12. The system according to claim 1 wherein the ID includes an effective period.

13. The system according to claim 2 wherein the external memory is arranged with a plurality of programs and can be connected to the client terminal on a plurality of different platforms.

14. The system according to claim 1 wherein the authentication means issues an authentication token when the external memory can be used and sends the token to the client terminal.

15. A method of operating a system comprising;

an application server connected to a web server and a client terminal via a network including an attribute database correlating and storing an ID stored in an external memory connected to the client terminal and attribute information of a user of the external memory, the application server

receiving input of attribute information of a user and contents information from the web server or a terminal of a service provider managing the web server; and

correlating and storing the received attribute information and contents information in a contents database;

the client terminal

reading a program stored in the external memory and executing the program; and

reading an ID stored in the external memory by execution of the program and sending the ID to the application server;

the application server

receiving the ID from the client terminal;

reading the attribute information correlated with the received ID and stored in the attribute information database;

reading the contents information correlated with the read attribute information and stored in the contents database, generating display contents and sending the display contents to the client terminal; and

the client terminal displaying the received display contents on a screen.

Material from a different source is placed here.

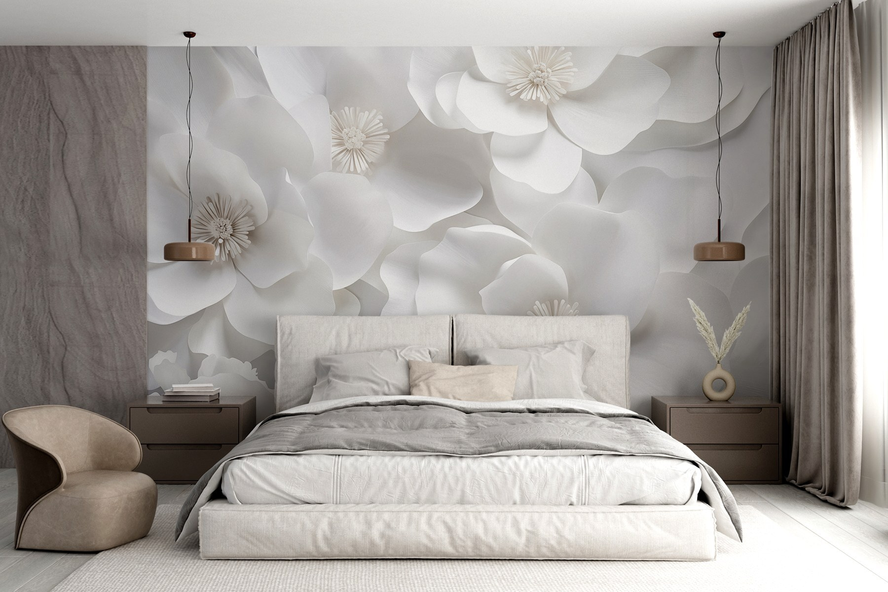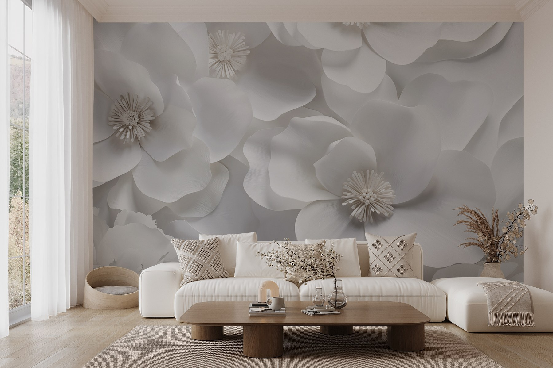 Transformați un spațiu plictisitor într-un refugiu senin cu “Fototapet Group of White Flowers”. Imaginați-vă că intrați într-o cameră în care flori supradimensionate înfloresc luminos, aducând o notă de natură în interior. Paleta moale și subtilă favorizează un aer de calm, perfect pentru nopți confortabile sau brunch-uri pline de viață cu prietenii. Se simte ca și cum ai privi într-o grădină în zori – blând, proaspăt și revigorant. În plus, cine nu și-ar dori să fie înconjurat de flori tot timpul anului? Perfect pentru un dormitor, o cameră de zi sau chiar un birou șic. Luați-vă adio de la pereții simpli și salutați o îmbrățișare florală!

16. A method of operating a system comprising;

the client terminal

reading a program stored in the client terminal and executing the program; and

the application server

receiving the ID from the client terminal;

the client terminal displaying the received display contents on a screen.

17. An external memory connected to a client terminal comprising;

a program reading a stored ID to a client terminal, sending the read ID to an application server connected via a network from the client terminal, sending display contents from the application server to the client terminal, and displaying the received display contents on a screen of the client terminal.